Top of The data
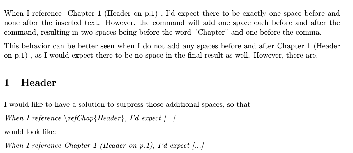 When I reference \refChap{Header}, I'd expect there to be exactly one space before and none after the inserted text. However, the command will add one space each before and after the command, resulting in two spaces being before the word \"{}Chapter\"{} and one before the comma.
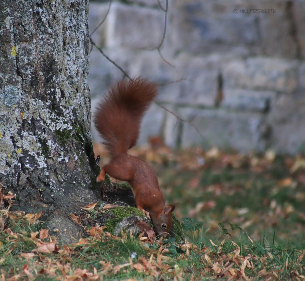 Oben angekommen entdeckte ich drei Eichhörnchen, die sich um Haselnüsse stritten. Es war klar, dass ich hier erst einmal ein bisschen verweilen und beobachten musste. So konnte ich aber auch eine kleine Pause nach der Zugfahrt und dem anstrengenden Lauf durch die Stadt machen.
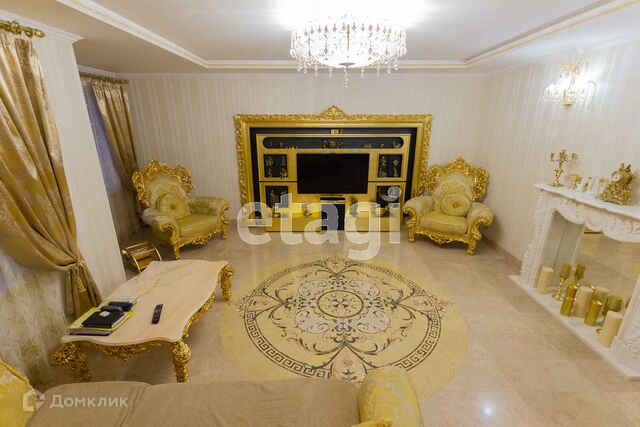 Напольное покрытие на кухне - керамогранит, сан.узел полностью в кафеле, на стене фреска ручной работы, в комнате - качественный ламинат, полностью оборудованная гардеробная, напольное покрытие в гостиной - мрамор.
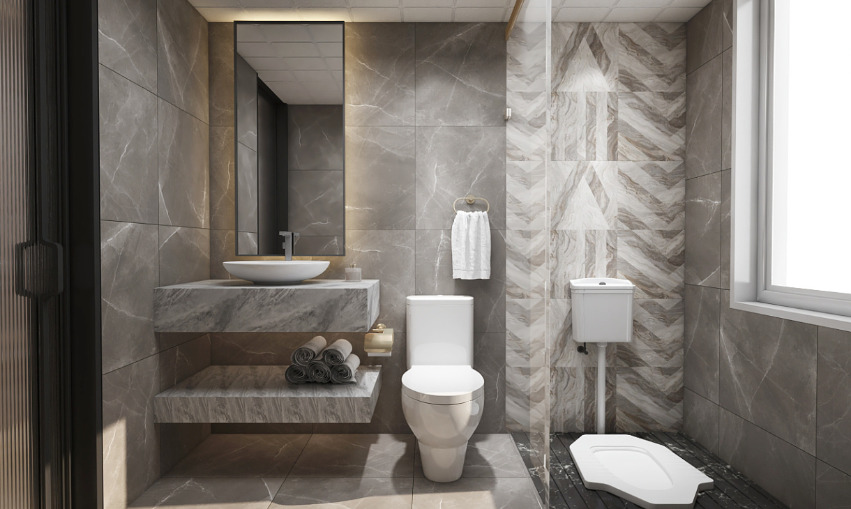 為了滿足不同需求,衛生間設計更全面,石英石的臺面清潔簡單又美觀。
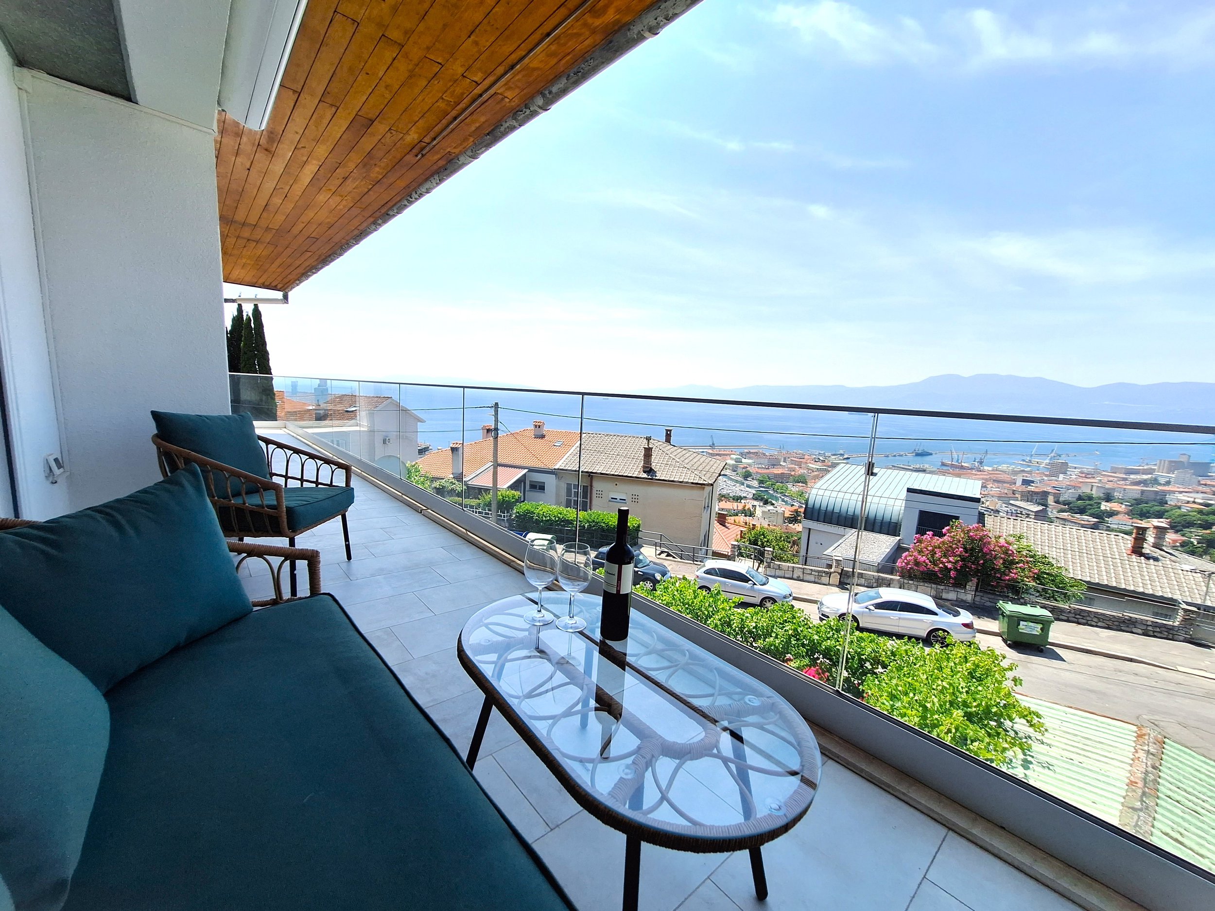 Overlooking the entire Rijeka city and Kvarner Bay, with a long balcony and a 180 degree sea view from every bedroom.
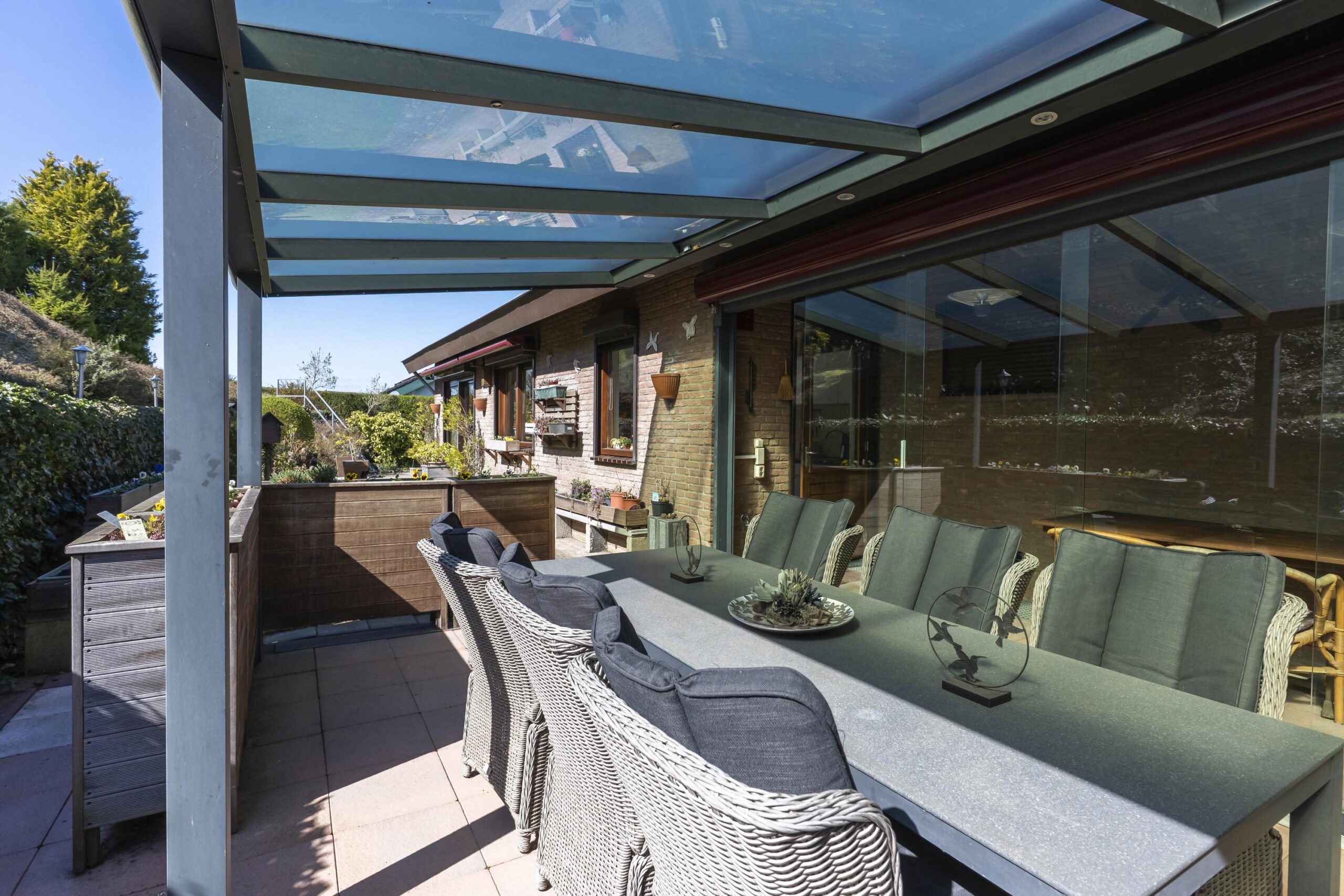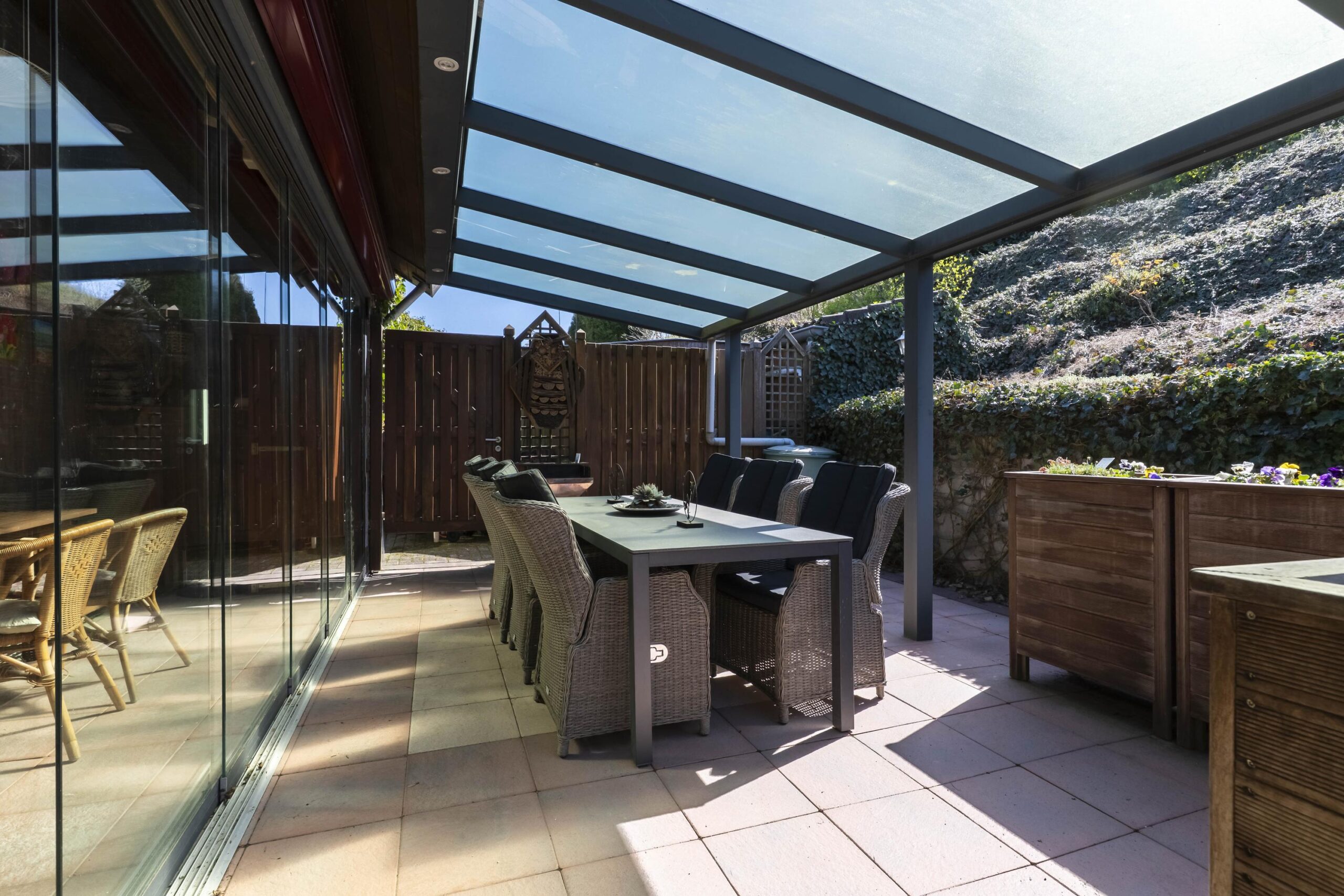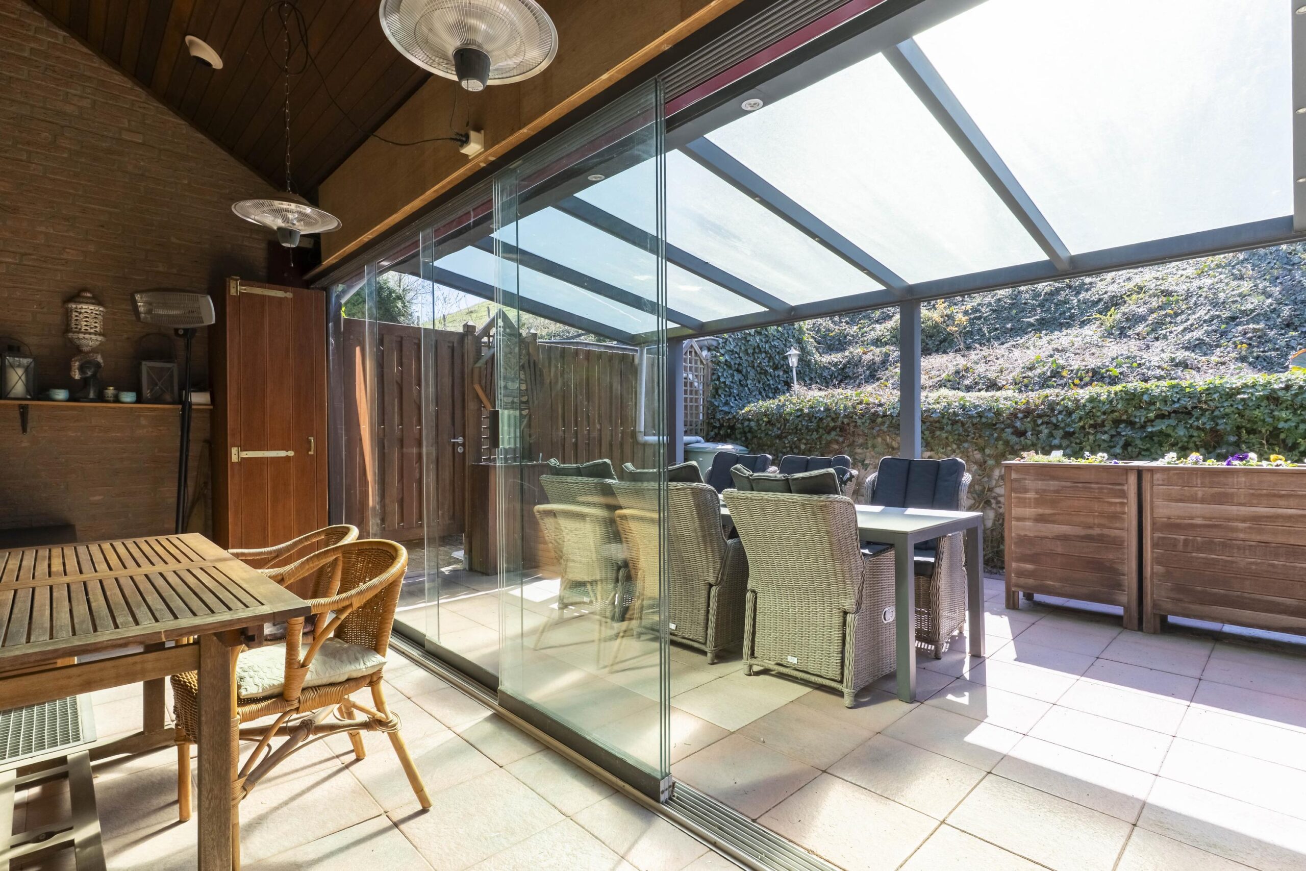 De wintertuin biedt toegang tot de achtertuin welke is voorzien van een ruim overdekt terras (18 m²) en is gelegen op het zuidwesten.
Bottom of The data
• [Task goal]:
The lines from the one containing "Overlooking the entire" through the last line of the records are what you should copy, word for word and nothing else, with pictures left out.

• [Response area]:
 Overlooking the entire Rijeka city and Kvarner Bay, with a long balcony and a 180 degree sea view from every bedroom.
 De wintertuin biedt toegang tot de achtertuin welke is voorzien van een ruim overdekt terras (18 m²) en is gelegen op het zuidwesten.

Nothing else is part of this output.